All of the data should be copied exactly, with the pictures left out.

● DATA SEGMENT:
- Opening Delimiter -
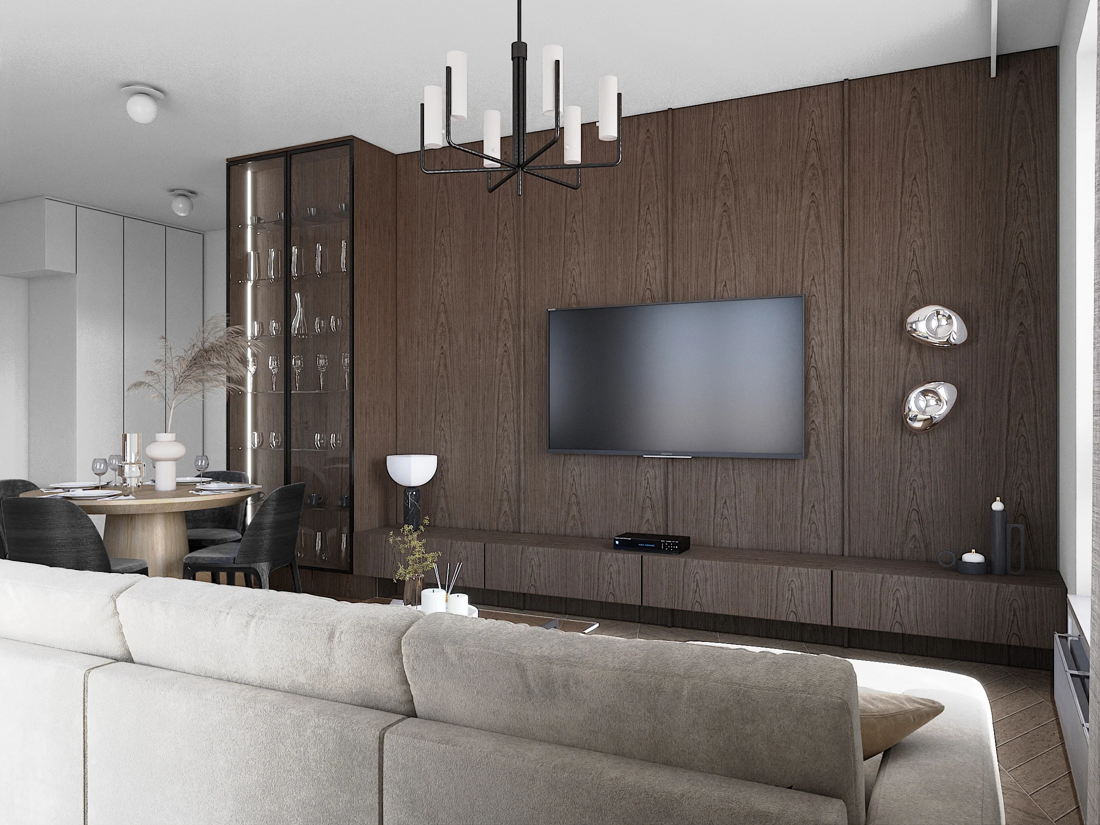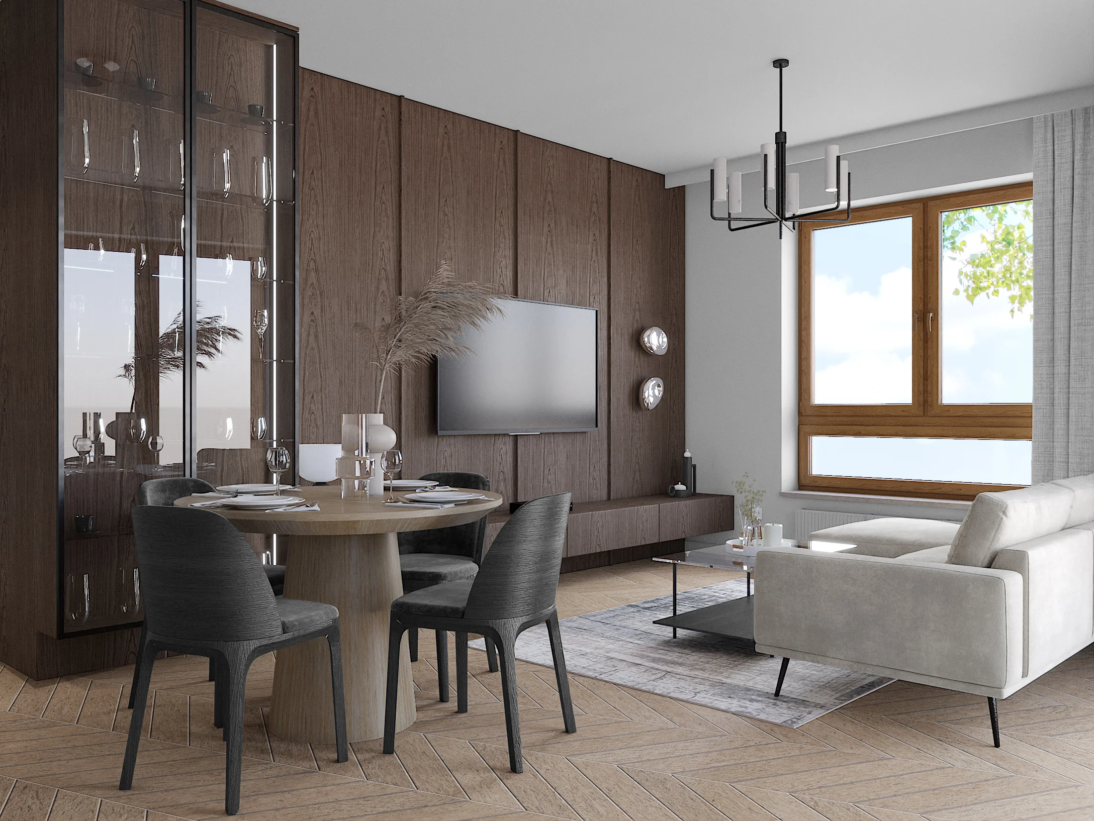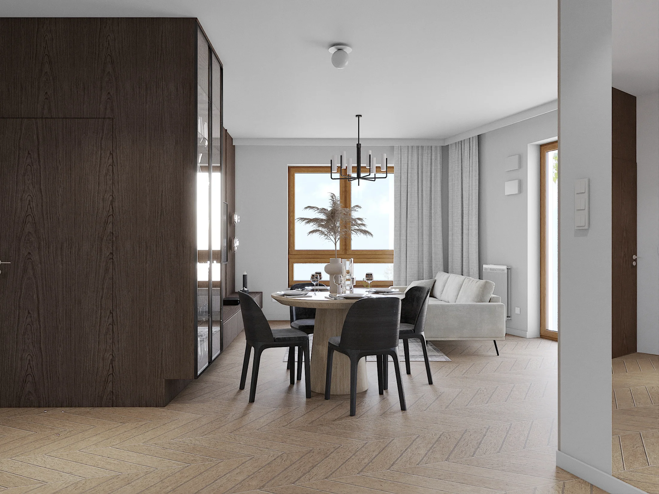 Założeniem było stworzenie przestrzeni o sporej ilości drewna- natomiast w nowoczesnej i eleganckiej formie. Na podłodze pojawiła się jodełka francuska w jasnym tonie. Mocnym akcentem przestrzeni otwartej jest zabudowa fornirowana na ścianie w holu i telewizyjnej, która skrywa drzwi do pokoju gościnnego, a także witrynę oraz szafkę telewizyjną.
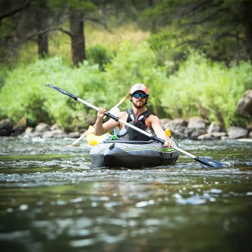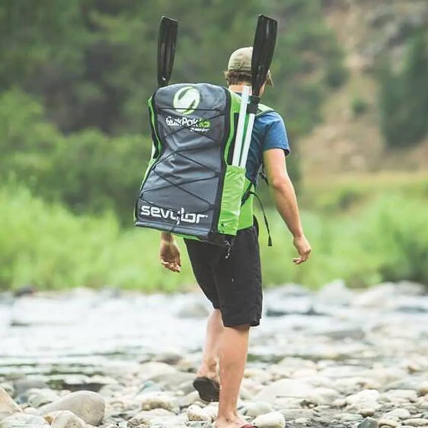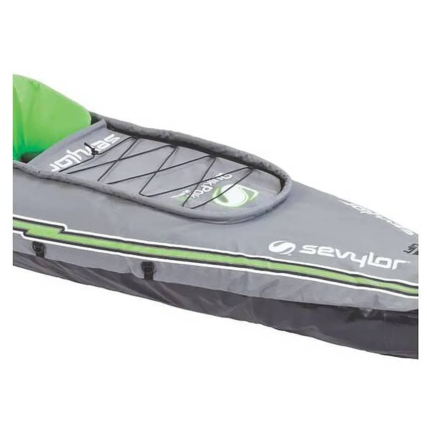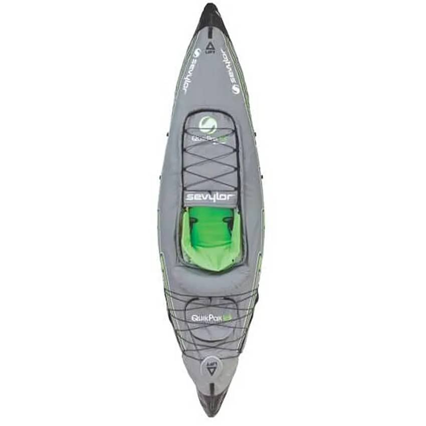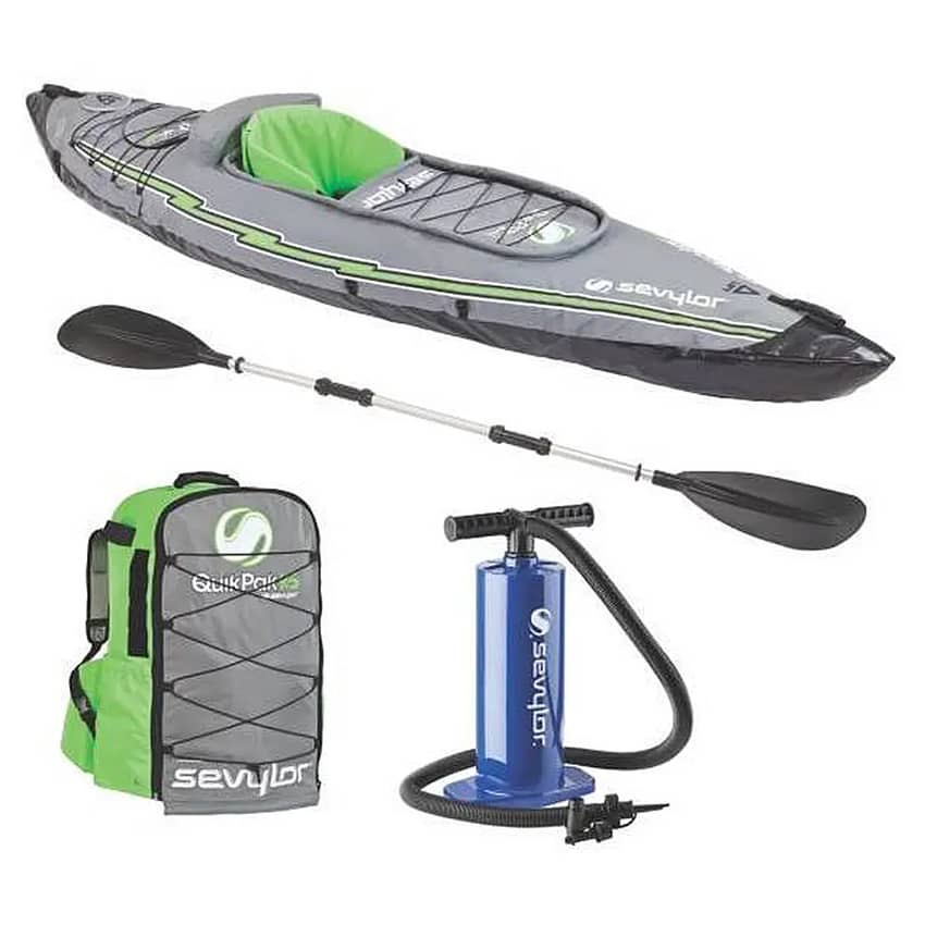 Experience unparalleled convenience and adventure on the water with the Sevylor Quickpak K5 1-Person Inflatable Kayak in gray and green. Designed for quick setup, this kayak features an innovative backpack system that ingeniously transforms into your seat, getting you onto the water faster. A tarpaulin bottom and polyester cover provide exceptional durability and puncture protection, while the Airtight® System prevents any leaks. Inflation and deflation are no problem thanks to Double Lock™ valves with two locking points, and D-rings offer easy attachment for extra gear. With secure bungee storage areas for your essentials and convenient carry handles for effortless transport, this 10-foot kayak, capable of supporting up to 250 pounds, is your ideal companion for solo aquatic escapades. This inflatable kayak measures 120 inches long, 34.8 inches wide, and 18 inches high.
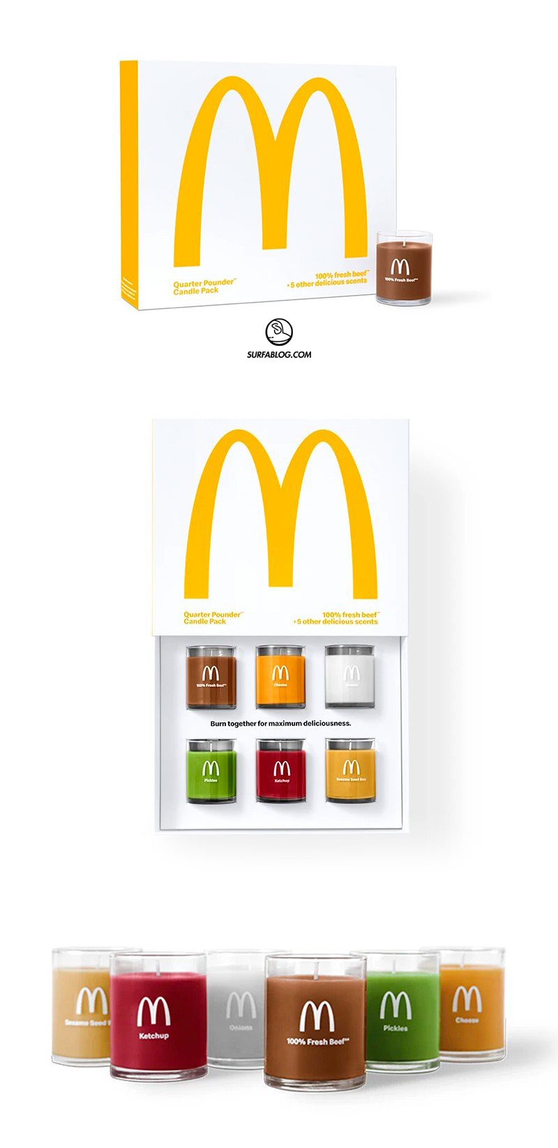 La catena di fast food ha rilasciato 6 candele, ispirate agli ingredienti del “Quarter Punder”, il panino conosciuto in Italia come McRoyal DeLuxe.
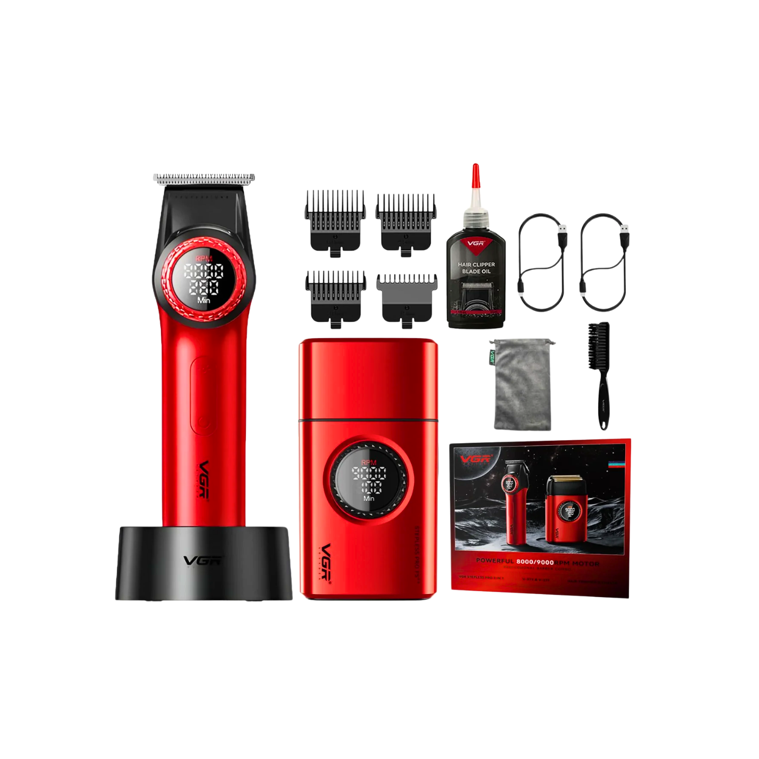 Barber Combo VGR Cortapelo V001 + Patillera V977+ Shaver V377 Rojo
- Closing Delimiter -
● RESPONSE:
 Założeniem było stworzenie przestrzeni o sporej ilości drewna- natomiast w nowoczesnej i eleganckiej formie. Na podłodze pojawiła się jodełka francuska w jasnym tonie. Mocnym akcentem przestrzeni otwartej jest zabudowa fornirowana na ścianie w holu i telewizyjnej, która skrywa drzwi do pokoju gościnnego, a także witrynę oraz szafkę telewizyjną.
 Experience unparalleled convenience and adventure on the water with the Sevylor Quickpak K5 1-Person Inflatable Kayak in gray and green. Designed for quick setup, this kayak features an innovative backpack system that ingeniously transforms into your seat, getting you onto the water faster. A tarpaulin bottom and polyester cover provide exceptional durability and puncture protection, while the Airtight® System prevents any leaks. Inflation and deflation are no problem thanks to Double Lock™ valves with two locking points, and D-rings offer easy attachment for extra gear. With secure bungee storage areas for your essentials and convenient carry handles for effortless transport, this 10-foot kayak, capable of supporting up to 250 pounds, is your ideal companion for solo aquatic escapades. This inflatable kayak measures 120 inches long, 34.8 inches wide, and 18 inches high.
 La catena di fast food ha rilasciato 6 candele, ispirate agli ingredienti del “Quarter Punder”, il panino conosciuto in Italia come McRoyal DeLuxe.
 Barber Combo VGR Cortapelo V001 + Patillera V977+ Shaver V377 Rojo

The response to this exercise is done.